Fascinating article about developing breakthroughs in analyzing menstrual blood for various biomarkers that could simplify and accelerate a number of diagnostic procedures, and the challenges of getting the traditional medical establishment to take the idea seriously.
(Wasn’t paywalled for me. Ymmv.)
Frustrating how far down the priority list “female troubles” continue to be for the male-dominated medical industry.
One practical issue I can see is that you’d have limited ability to schedule a collection and analysis in advance, and most tests would probably either need to be done within a day or so, or require some sort of preparation/preservation. Maybe you can get away with just refrigerating it, but who wants to keep used tampons in their fridge until you have a chance to drop it off at the lab?
I gather from this you didn’t read the article. There’s a testing outfit angling to advance the field, and they deal with this by providing the woman with a kit which she uses to seal and preserve the sample for return to the company by mail. So, yeah, they’re past this and are now into the phase where they’re trying to convince the stubbornly conservative medical field of the value of the data.
And this is reflective of another theme of the article, which is that there’s an “ick” factor to be overcome. It’s just another bodily fluid, and as it turns out an informationally rich one just waiting to be investigated; but for irrational cultural reasons we recoil from it. The article mentions that a number of labs refused to work with the testing startup because they didn’t want menstrual blood polluting their equipment.
Which is why I thought the article was worth sharing and is worth reading. If we can all just collectively get over ourselves and our hangups, there are new and valuable territories in science yet to be explored.
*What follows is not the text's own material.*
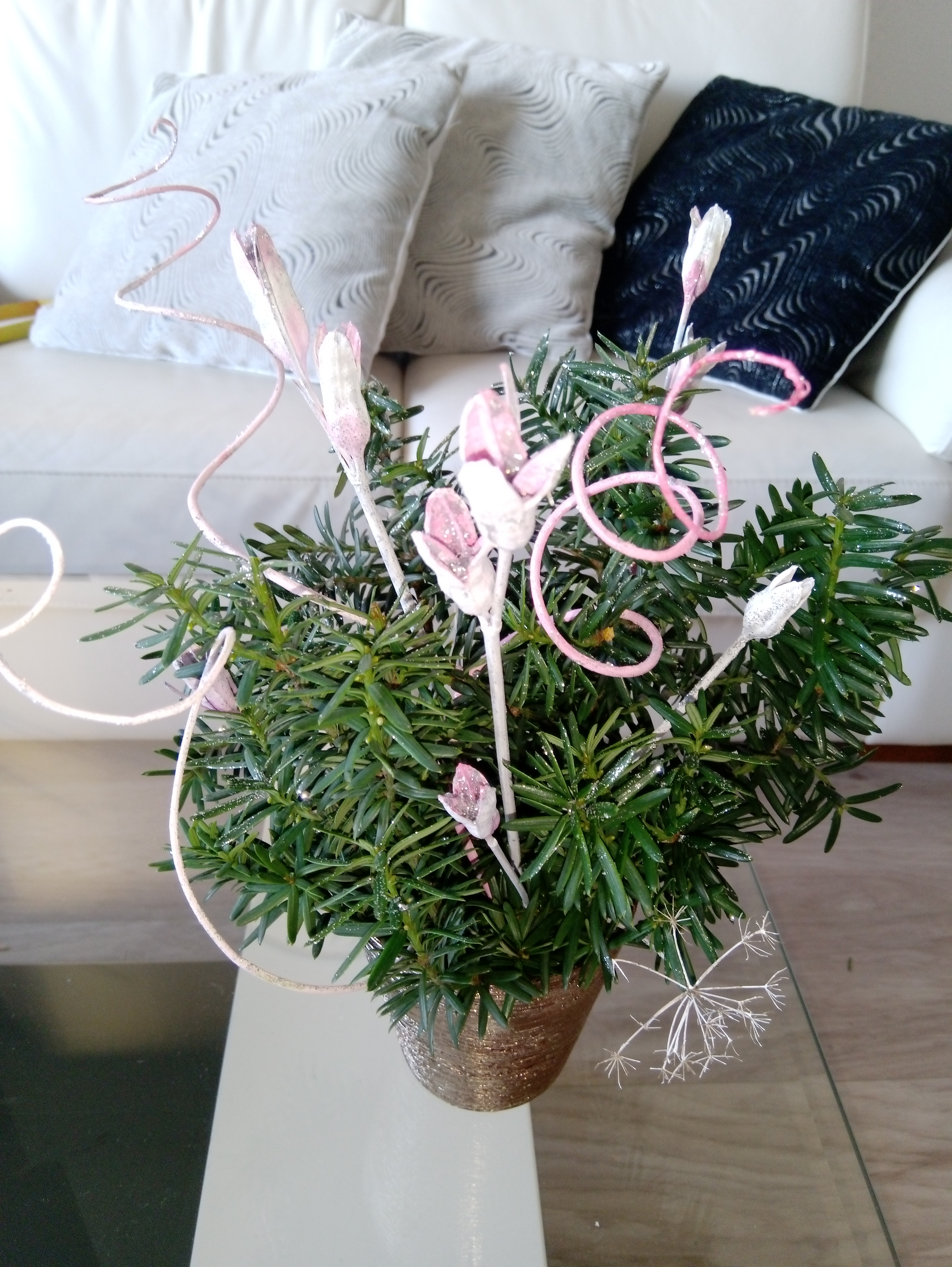 Я такой делала, легко и быстро получилось. А ещё по такому же принципу делала елочки, третий год белоснежные, ничего им не делается. А венок чуть-чуть пожелтел. Зависит от фильтров, наверное.

OK, I was referring to the attitudes of the general public. I don’t have much hope of convincing the population at large that menstruation isn’t icky. But laboratories!? They already have procedures for dealing with things that you don’t want contaminating food or whatever, and if needed, they have autoclaves available. And they should be staffed by more reasonable people. “Ick” should never have been a factor for a laboratory, for any bodily fluid.
Given that in at least two countries I know of there have been regular procedures for inviting ordinary people en masse to take and return (securely) faecal smear samples, it shouldn’t be an impossible thing to organise
My migraines were closely related to my menstrual cycle. I’d have loved to have seen this research being done decades ago, but back then they barely studied women’s migraines at all. For years, I thought what I had couldn’t be actual migraines because I never had the aura effect. Turns out auras are most common among men who get migraines (who get migraines at a much lower rate than women). It’s not unusual at all, in fact, common to not get auras.
Not able to read the article (I guess I’ve outspent my New Yorker gratitude for the year) but I want to mention that I took part in a menstrual products study some years ago. The study included me tracking dates and times in a notebook, and preserving my used products by putting them in a bag and then in my fridge (or freezer maybe, I forget).
It really is NO big deal. Anyone who uses menstrual products already has to handle them in some fashion before discarding them. Whether you wrap them in toilet paper and place them in a bin, put them in a little paper bag in a public restroom, or pop them in a clear plastic baggie and then in a solid bag in your fridge there really is no difference.
To me, menstrual cups are the highest level of getting intimate with your menstrual blood and yet people rave about how they love using them (not me). So people who menstruate are, on average, comfortable with handling their soiled products.
If people were told they could get answers about how their periods effect their bodies and perhaps find remedies to the pain and suffering they experience, I guarantee there will be plenty of people willing to participate.
Blood is of no consequence. Or shouldn’t be, to a Laboratory.
Heck they handle terrible tissues from the dead. Maybe even maggots.
Poop.
Phlegm.
Snot.
Hair.
Finger nails.
Why is there such a stigma applied to menstrual blood?